Joachim Gerstl wrote:
Hi,
The 14/2.8 is my favourite lens and in short the 10-24 is not that good.
But for landscapes I love the flexibility of the 10-24. It is better on the wide end and if you stop it down at least to f5.6 or better f8 it is a very fine lens.
IIRC the only advantage of the xf 2.8/14 is a gain of 1 EV wide open. But at the expense of a weaker sharpness. IIRC the 10-24 not only has an enormous spectrum of FL, but is even @ 14 mm simply as well as the xf2.8/14…
If you don‘t believe that, just take a look @ opticallimits or the spec @ fujifilm.com
Both are excellent, but indeed the 10-24 offers about the same IQ performance @ 14mm , PLUS the 10-24 delivers a constantly excellent IQ from 10mm to about 20mm.
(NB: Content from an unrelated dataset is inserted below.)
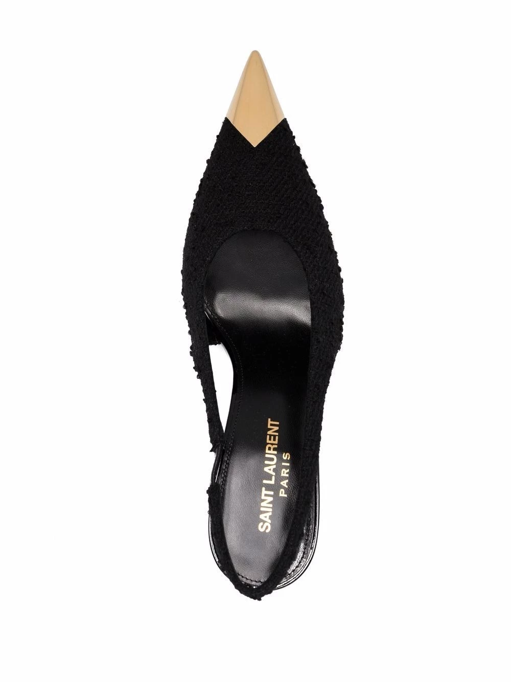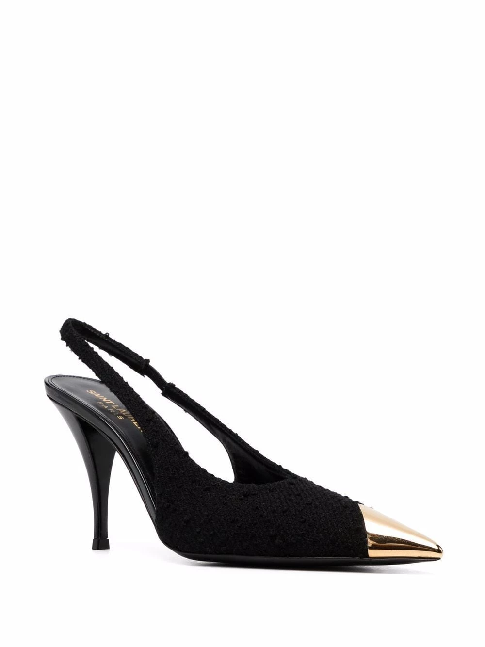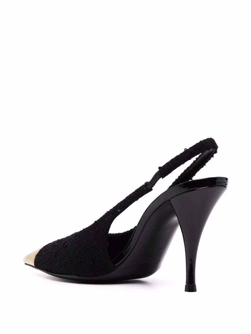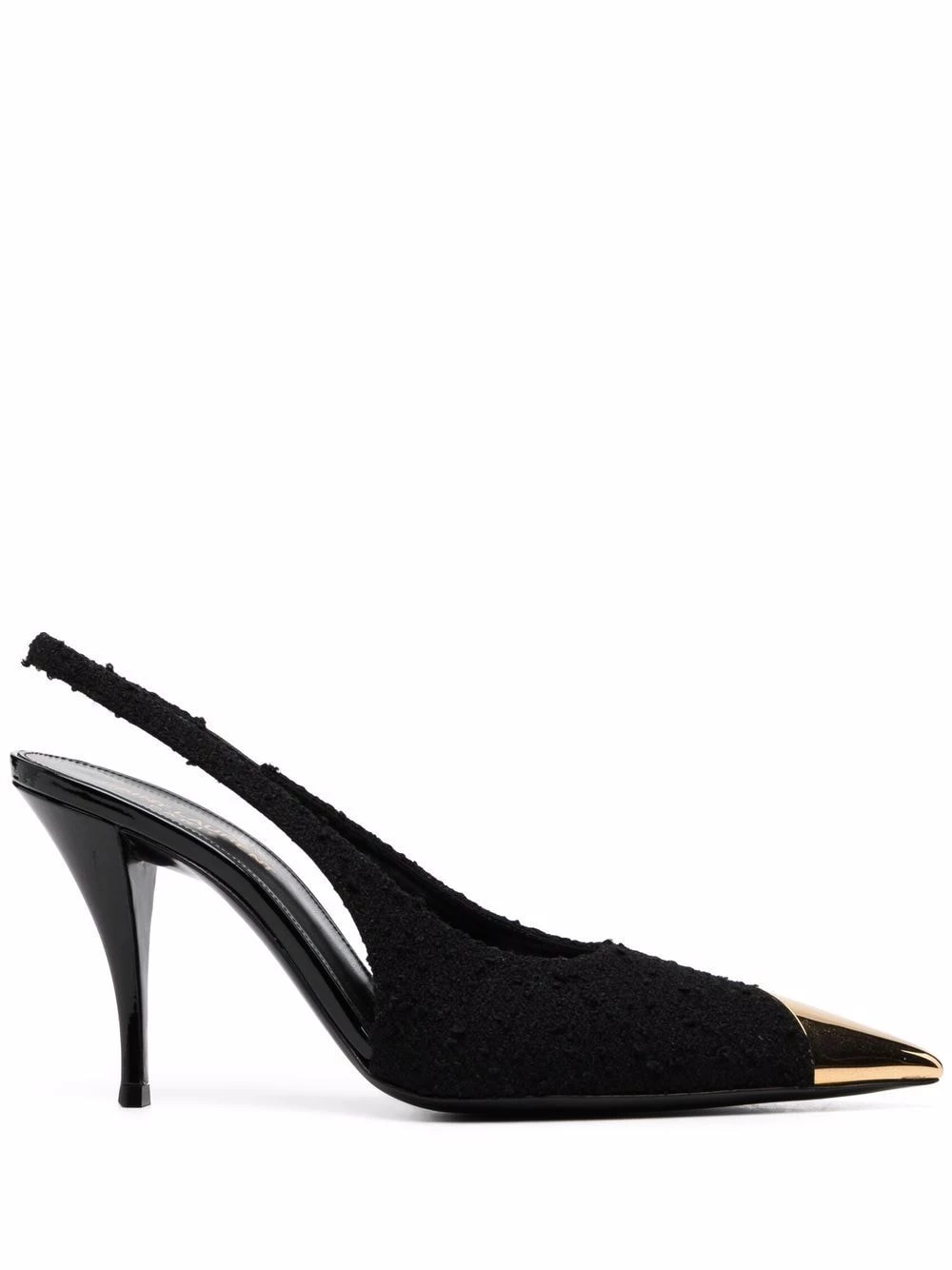 Aligned with Saint Laurent’s bold spirit, these slingback pumps feature a black bouclé construction. The style’s opulent aesthetic is enhanced by the gold-tone toe cap and the 90mm heel.

Even wide open, with a max already @ f= 5,6-8 from FL 20-24 it is no more excellent, but acceptable - and an UWA zoom is not something to use @ 20-24 FL….
As I wrote already before, the 8-16 delivers in fact only more in the extremely narrow, exotic niches of photography.
I can understand that people being active in this niches love the 8-16, especially astro-photographers.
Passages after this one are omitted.